その中の一つの場面では、肩で揃えた黒髪の女性が誰よりも必死に叫び辺りを探している姿もあった。
「さてはて……、ここからどうなるかはわしにも、もう分からぬ……。なんせ賽は投げられておる。わし自身も最後かも知れぬ運命は、とっくに流れ始めてしまっているのじゃからな……」
老婆はゆっくりと息を吐き出してから、軽く手を横に振った。
それが合図のように、部屋の真ん中にある水晶から映し出されていた画面が一つを残してすべて消えた。
「こうするより仕方なかったとはいえ、果たして、間に合うじゃろうか……」
呟く老婆が見つめるその画面には、先程のプラチナ色のエルフの少女よりやや年上だろう、思春期を終えそうな美麗でエルフの切れ長な目尻がややつり上がった、褐色のエルフとその家族だろう者達が映し出されていた。
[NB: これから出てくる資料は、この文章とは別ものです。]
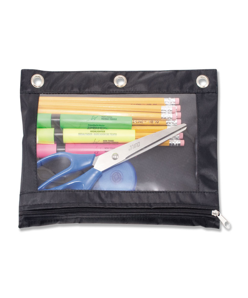 The Advantus Binder Pouch is a classic companion for keeping pens, pencils, erasers, post-its, highlighters, or any other small materials organized and within reach inside of any standard-size 3-ring binder. Easily see through the clear plastic window on the front of the pouch to see what is inside and find the contents quickly. This pouch is enforced with metal rivets for extra strength and durability. Zipper closure keeps contents secure.

無言のまま、しばらく画面を見つめていた老婆は、もう一度手を横に振る。
最後の見ていた画面も消えた。
すべての光量を無くした部屋が、無音で真っ暗な闇に染まる。
一歩前も見えないほど真っ暗な中、老婆はゆっくりと一歩を踏み出す。
「やれやれ、どうなることやら……。しかし……、なんとかうまくいってくれるとよいのじゃがな……」
願いを込め、言葉を紡ぐ。
その声が聞こえなくなった時、老婆の姿は真っ暗な部屋の中から消えていた。
出口である扉をくぐることなく。